Michael Wood is the writer and presenter of many critically acclaimed series on television, including “Art of the Western World,” “Legacy,” “In the Footsteps of Alexander the Great” (1998) and “Conquistadors” (2000). He is author of over 70 TV films, which have been shown worldwide, and of several best-selling books.

He was educated at Manchester Grammar School and Oriel College, Oxford, where he did postgraduate research in Anglo-Saxon history. Since then he has worked as a journalist, broadcaster, historian and filmmaker. His films have centered on history, but have included travel -- “Great Railway Journeys of the World” (1982); the BAFTA-winning “Great River Journeys” (1984); “The Sacred Way” (1990)); politics -- “Saddam’s Killing Fields” (1991), an award-winning account of the destruction of the Marsh Arabs of South Iraq, and cultural history -- the award winning “Hitler’s Search for the Holy Grail,” (1999): a study of the abuse of history and archaeology under the Nazis. “Conquistadors” (2000) followed four epic journeys during the Spanish Conquest of the New World and came top in The Guardian's 'Review of Reviews' for the year 2000/1.

Among Michael Wood’s special interests, Greece has always figured prominently. He has made 15 films in Greece and among his publications are the number one bestsellers, “In Search of the Trojan War” (on the archaeology of Homer and the Bronze Age) and “In the Footsteps of Alexander the Great.” These books have been translated into a number of European languages, including Greek. Indian civilization has also long been a special interest: Over the years Michael Wood has made a dozen visits to India, and in addition to his films “Darshan” and “Legacy,” he has written The Smile of Murugan (John Murray), about a small town in Tamil Nadu and its annual pilgrimage. He is also a contributor to “Chidambarnm and Naturaja,” a series of essays on the cult of Shiva in South India (Marg, Bombay, 2004).

His academic background was in early medieval English history; among his publications in this area are In Search of the Dark Ages and Domesday. (both No. 1 best sellers in the UK) He was also a contributor to Ideal and Reality in Frankish and Anglo-Saxon Society (Blackwell 1983). He lectured recently at academic conferences on Anglo-Saxon history in London and Kalamazoo, and is a contributor to Lay Intellectuals in Early Medieval Europe (Cambridge UP 2005).

Recently, he published a series of medieval essays concerned with English identity: In Search of England. (Viking and University of California Press). Of this book, The Times Literary Supplement said: “Better than any historian for decades, Wood brings home not just the ways in which buildings, landscapes and written texts may be read, but the sensual beauty of encounters with them.”

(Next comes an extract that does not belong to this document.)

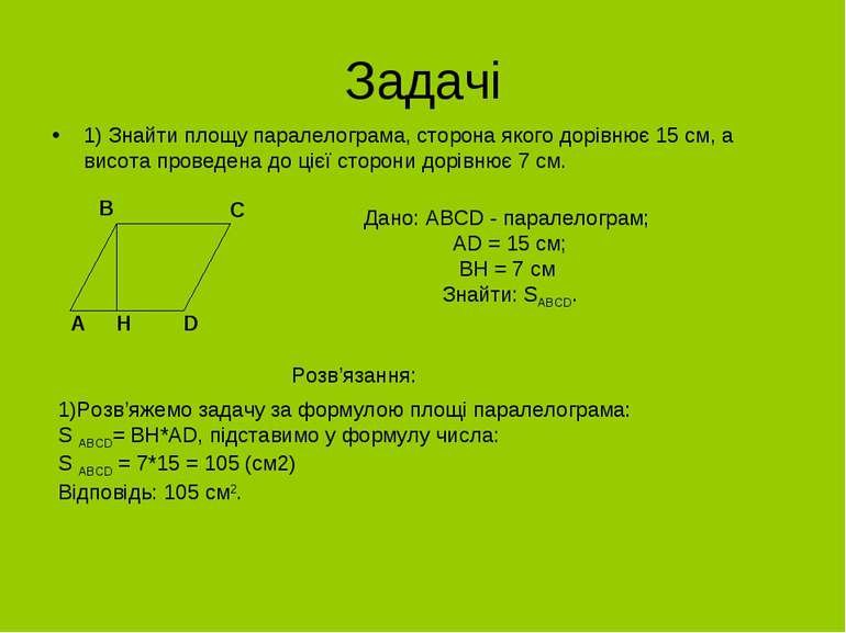 Задача 1: Основа паралелограма — 10 см, висота — 6 см. Знайти площу.

Wood has had a lifelong interest in Shakespeare. As a student he toured the US with Shakespeare, working with directors such as Richard Cotterell and Jonathan Miller. He made three films for the BBC about the history plays, and contributed to Shakespeare in Perspective (1985). His controversial series “In Search of Shakespeare” (BBC/PBS 2003) was the first TV documentary life of Shakespeare. Of the book that accompanies the series, academic Jonathan Bate wrote in the Sunday Telegraph, “It is a great pleasure to report that, thanks to the author's gifts as story-teller, populariser and interpreter of the past, Shakespeare's world is brought alive more vividly than in any other biography of him that I have read.”

His latest BBC/PBS project,, “In Search of Myths & Heroes” (2005), explores iconic global myths and uncovers not only why legends were created but how they have been used, both politically and culturally, over the years -- and why we still need them today.

Wood was elected a fellow of the Royal Historical Society in 2001. He lives in North London with his wife and two daughters.